– Не дури! Там, за оградой, охотники. Там водятся ядовитые змеи, есть лисы, да и лев может попасться. А здесь у тебя есть все: еда, вода, безопасность.
И вдруг понимает, что говорит совсем как месье Шаррон, начальник бухгалтерии на черепичной фабрике, когда он сообщил ему о своем уходе. Тони идет к ней и гладит ее шею, а она с прежним упорством толкает лбом ограду. Он глядит на линию горизонта, где в этот вечерний час свет уже смягчается.
– Ты услышала зов.
Тони гладит ее мордочку, а она глядит на него с грустью, прекрасной грустью оленей. Он идет к воротам и снимает жердину, подпирающую грубую деревянную загородку.
– Там ты будешь страдать, тебе придется убегать от страшных хищников, придется добывать себе пищу в поте рогов твоих… Но ты хочешь быть свободной.
Нефертити смотрит на него.
– Ты храбрая девочка.
Как только он поднимает загородку, газель молнией бросается вперед. Без капли сомнения. Не останавливаясь. Не оглядываясь. Вскоре это уже только точка, теряющаяся вдали: она бежит навстречу своей судьбе.
Он так долго глядит ей вслед, что опускается ночь, и его пробирает дрожь.
«А что с моей собственной судьбой? – спрашивает он себя. – Этот аэродром в глуши, далекий от всего на свете, разве не тот же загон, что защищает меня от настоящей жизни?»

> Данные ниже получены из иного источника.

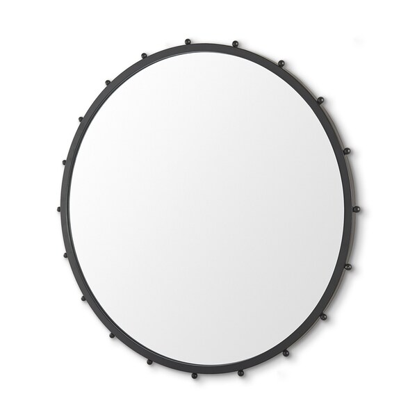 If you want to add some brightness to your living space, the 44-inch black round metal framed accent mirror is perfect for you. Framed with metal, this mirror will bring practical application and fashionable design to your space, adding some modern flair to your decor. This mirror will be a great useful addition to your home but will also help elevate the space in the room. Produced with premium quality glass for a beautiful reflection, this mirror will provide an exceptional visual experience. 43.7-inch h x 43.7-inch w x 1.18-inch d.

Что стало с любовью? Лулу убежала так же стремительно, как и газель. Нужно ли ему нестись за ней галопом? Нужно ли бежать в противоположную сторону в поисках другой любви? Ответа он не знает. А еще спрашивает себя, должен ли он довольствоваться тем, чтобы жизнь описывать, или стоит броситься в жизнь с головой, чтобы жить.
Солнце садится в море за той полуразрушенной морской тюрьмой, где стражу несут уже только акулы, и он чувствует, что настал час возвращаться. Хотя и не знает куда.
Утром он посылает телеграмму директору по эксплуатации с просьбой освободить его от должности начальника авиабазы в Кап-Джуби.
Ни разу даже не намекнув об этом – он никогда не говорит таких вещей, чтобы работники не расслаблялись, – Дора доволен его работой и понимает, что лучшего человека на это место ему не найти: Тони удалось завоевать доверие и уважение испанцев, он установил дружеские отношения с местными племенами, да и его личные качества позволили сделать так, что один из самых нелюбимых пилотами перевалочных пунктов, пугавших перспективой застрять на пару дней на этой жаровне, стал не таким страшным. Никто не выдерживал ссылки в Кап-Джуби более чем на три месяца, а он там полтора года, так что Дора уже месяцами ждет от него заявления об увольнении.
Ответ Дора не заставляет себя долго ждать: «Назначить начальником линии в связи с расширением „Аэропостали“ в Южной Америке».
Тони скачет от радости и требует поставить на стол последнюю бутылку вина, оставшуюся в кладовой. И сразу же шлет ответ Дора: «Сможете предоставить мне месяц отпуска навестить мать и сестер до отъезда в Америку?»
Ответ Дора столь же скор: «Неделю».
Через несколько дней прибывает его сменщик, пилот-ветеран, которого Тони пылко обнимает и вводит в курс дел. А потом упаковывает свой бурнус, двое брюк и пару рубашек, выживших в пустыне. Самая ценная часть его багажа – двести машинописных листов романа, который пока еще не имеет названия.
И идет прощаться с Абдуллой Мухтаром.
– Помнишь газель, которую я приручил?
– Да.
– В конце концов она пожелала уйти.
– Так и должно было быть.
– Но все мои старания ее приручить пошли прахом.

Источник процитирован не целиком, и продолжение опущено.